As described above, according to the present embodiment, it is possible to replace the refrigerating machine oil in the compressor with that for the alternative refrigerant. Further, by performing the refrigerating machine oil recovery operation before replacing the refrigerating machine oil, old refrigerating machine oil can be reduced as much as possible.

In the above-described embodiment, an air conditioner having one indoor unit for one outdoor unit has been described as a refrigerating device. However, the present invention provides a plurality of units for one outdoor unit. It can be used for all refrigeration systems of the type that compresses refrigerant such as an air conditioner having an indoor unit or a refrigerator.

[0033]

According to the present invention, by providing means for changing the data in the storage device of the refrigerator according to the refrigerant used, normal control can be performed even when a different refrigerant is charged.

[Brief description of the drawings]

FIG. 1 is a block diagram of an air conditioner according to an embodiment of the present invention.

FIG. 2 is a system diagram of a refrigeration cycle of the air conditioner according to the embodiment of the present invention.

FIG. 3 is a temperature distribution diagram of the outdoor heat exchanger.

FIG. 4 is a time chart during an oil return operation.

FIG. 5 is a control circuit diagram of an air conditioner according to another embodiment of the present invention.

FIG. 6 is a system diagram of a refrigeration cycle of an air conditioner according to another embodiment of the present invention.

FIG. 7 is a time chart during an oil recovery operation.

[Explanation of symbols]

DESCRIPTION OF SYMBOLS 1 ... Outdoor controller, 3 ... Compressor, 5 ... Four-way valve, 9 ... Expansion valve, 10 ... Discharge refrigerant temperature detector, 11 ... Outdoor heat exchanger temperature detector, 12 ... Suction refrigerant temperature detector, 14 ... Storage device changeover switch, 15: first storage device, 16: second storage device, 17: indoor controller.
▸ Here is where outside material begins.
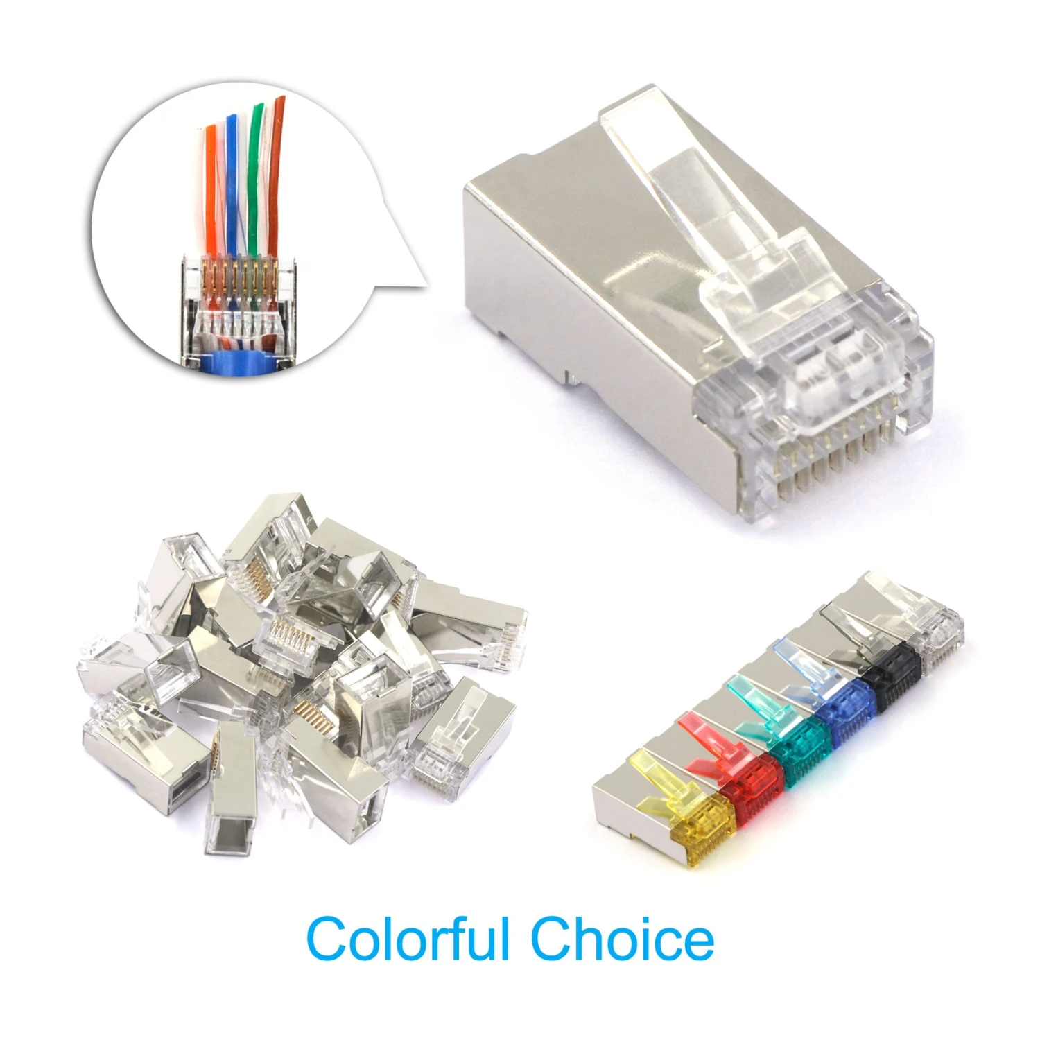VCELINK shielded, pass-thru Cat6 connectors allow you to check the correctness of wiring standards. The OD of the individual cable cores must be between 0.93 and 1.04 mm when used with the Cat6 connectors. The metal housing is designed to reduce interference and the gold-plated contacts provide resistance to oxidation and corrosion for stable data transmission.

──────────────────────────────────────────────────続 き Continued on the front page (72) Inventor Kensaku Oguni 502 Kandate-cho, Tsuchiura-shi, Ibaraki Pref. Machinery Research Laboratory, Hitachi, Ltd. In-house (56) References JP-A-62-228839 (JP, A) JP-A-1-256765 (JP, A) JP-A-3-168566 (JP, A) JP-A-63-311061 (JP, A) (58) Field surveyed (Int. Cl. ⁷ , DB name) F25B 1/00

Claims (2)

(57) [Claims] 1. A compressor, a condenser, an expansion valve, and an evaporator are connected .
Refrigeration cycle consisting of
A service valve that can charge and discharge refrigerant into the
In refrigeration system including a detector for detecting each part of the operating conditions in the freezing cycle, and a controller that performs the operation of the refrigeration cycle signal and on the basis of the data stored in the storage device from the detector, the This cold storage
Data corresponding to multiple refrigerants that can be enclosed in the freeze cycle
And from these data, the refrigeration cycle
Means for selecting data used for operation . 2. A refrigeration cycle constituted by connecting a compressor, a condenser, an expansion valve, and an evaporator; a service valve capable of charging and discharging a refrigerant into the refrigeration cycle; A refrigerating apparatus comprising: a detector that detects a discharge temperature of refrigerant to be discharged; and a controller that adjusts an opening degree of the expansion valve based on a signal from the detector and data stored in a storage device. Means for storing data corresponding to a plurality of refrigerants that can be sealed in the refrigeration cycle in the storage device, and selecting data used for adjusting the degree of opening of the expansion valve from the data. Refrigeration equipment.